Chapter 10
Al día siguiente el lobo encontró a Dugald viajando solo a través del páramo.
Llevaba a la niña en brazos. Maeniel se detuvo y se sentó en medio del camino, con la cola hecha un ovillo.
Dugald también se detuvo, lo estudió, y después se acercó a una piedra plana cubierta de líquenes que había cerca. Se sentó, con la niña dormida apoyada en su hombro. Se apartó parte del manto, lo extendió sobre la piedra y cubrió con ternura a la niña. La pequeña siguió dormida chupándose el pulgar.

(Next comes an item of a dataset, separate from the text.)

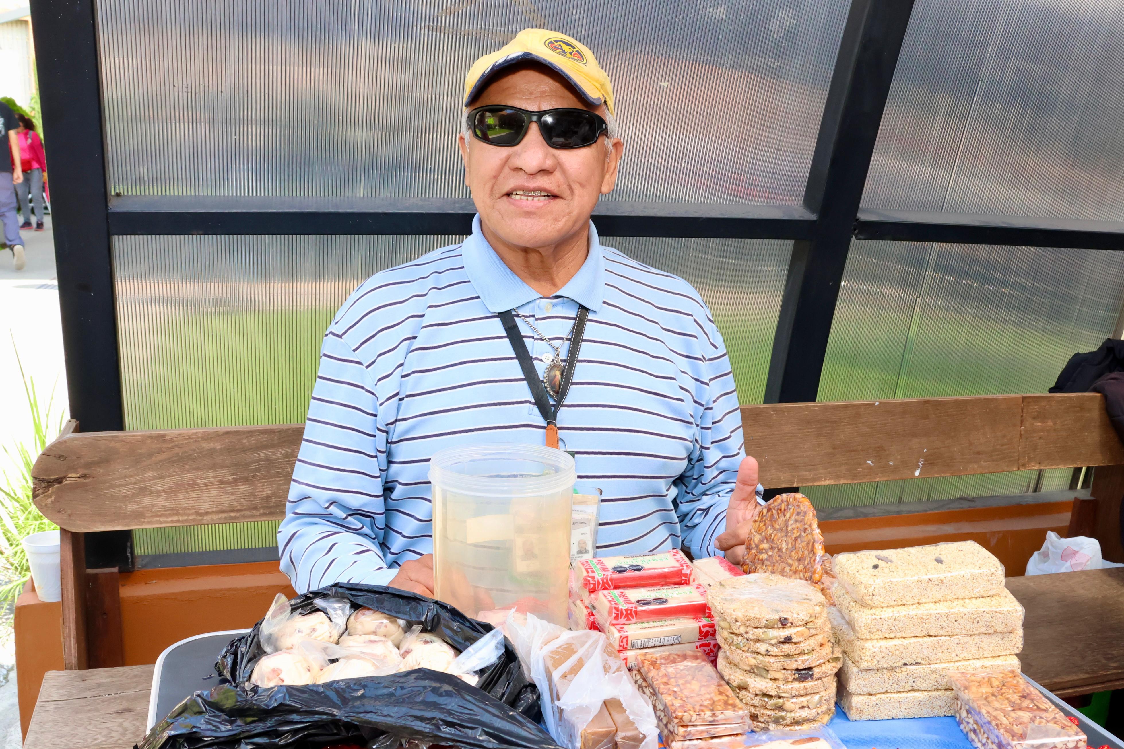 -Participan mujeres y hombres mayores con productos elaborados por ellos mismos o sus familias.

El cielo estaba prácticamente despejado. La brisa era agradable. Provenientes de un acantilado cercano, se oían los sonidos del mar. Los dos podrían asegurar que la marea estaba subiendo por el ruido que hacían las olas al golpear los guijarros de la orilla, y los dos serían capaces de decir cuándo subiría la pleamar y en qué momento comenzaría a bajar.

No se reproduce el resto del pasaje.